Signedness is a matter of how the data is interpreted. The %x format specifier expects an unsigned argument and will therefore treat all bits as data, whereas if you're using %d, the most significant bit of your value will be treated as sign bit - if it's set, the number is negative, otherwise it isn't.

Pointer encoding is system-specific, but it is generally not signed, so you should not print it as a signed value.

On Windows (and arguably other systems as well, though I tend to use unsigned long) it is best to convert your pointer to size_t, because that will give you an __int64.

omega666 · January 15, 2011, 4:14pm

int a=1;
int b=2;
for the example with &a-&b = 1, can you explain how the pointer math (where its relative to the base size) works and how its different from normal math arithmetics, and why it becomes 1.

for this example i get
&a = -1078176900
and
&b = -1078176904

Corona688 · January 16, 2011, 1:07am

They're integers, and the address of a is precisely one sizeof(int) away from the address of b. It's that simple.

They're not really negative numbers. Since they're in stack space their addresses are very high, and end up flipping over to negative when you print them as signed integers.

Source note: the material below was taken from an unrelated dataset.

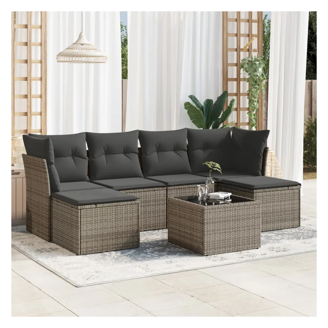 Cet ensemble de canapés de jardin est le complément parfait de votre arrière-cour, terrasse ou patio, offrant un espace confortable et accueillant pour discuter avec la famille et les amis ou simplement se détendre et profiter de l'extérieur. Matériau durable : la résine tressée, également connue sous le nom de poly rotin, est un matériau synthétique solide et nécessitant peu d'entretien qui ressemble au rotin naturel. Il est léger, facile à nettoyer et couramment utilisé pour les meubles d'extérieur en raison de sa durabilité et de ses propriétés de résistance aux intempéries.Fonction de rangement avec sac résistant à l'eau : chaque siège de jardin dispose d'un espace de rangement sous l'assise, complété par un sac résistant à l'eau pour ranger les coussins, les jouets et d'autres objets. Les sacs intérieurs sont dotés d'un couvercle et peuvent être solidement fixés aux sièges à l'aide de bandes auto-agrippantes pour plus de stabilité.Dessus en verre : le dessus de la table d'extérieur est fabriqué en verre trempé solide et durable, ce qui le rend facile à nettoyer avec un chiffon humide et ajoute une touche d'élégance à votre espace extérieur.Housse amovible et lavable : ces coussins de siège sont dotés de housses amovibles pour un lavage et un entretien faciles.Conception modulaire : cet ensemble de meubles d'extérieur a une conception modulaire, ce qui le rend complètement flexible et facile à déplacer, afin que vous puissiez créer un agencement de meubles d'extérieur personnalisé. Bon à savoir :Pour que vos meubles d'extérieur restent beaux, nous vous recommandons de les protéger avec une housse imperméable.

Try %x or %u instead of %d. (or really, to be portable, you should use %p).

omega666 · January 16, 2011, 12:50pm

even through the addresses are negative, why does %x (convert to hex) make it positive? is it because %x expects only unsigned integers, and since this is c, integers are signed on default, so the conversion will think the leftmost bit is part of the numbers magnitude, thus making the hex a positive always?

Corona688 · January 16, 2011, 1:53pm

Look at it this way. Is this group of 32 bits signed or unsigned?

11111111111111111111111100000000

by itself it's neither... Whether it's signed or not is wholly up to how you interpret it.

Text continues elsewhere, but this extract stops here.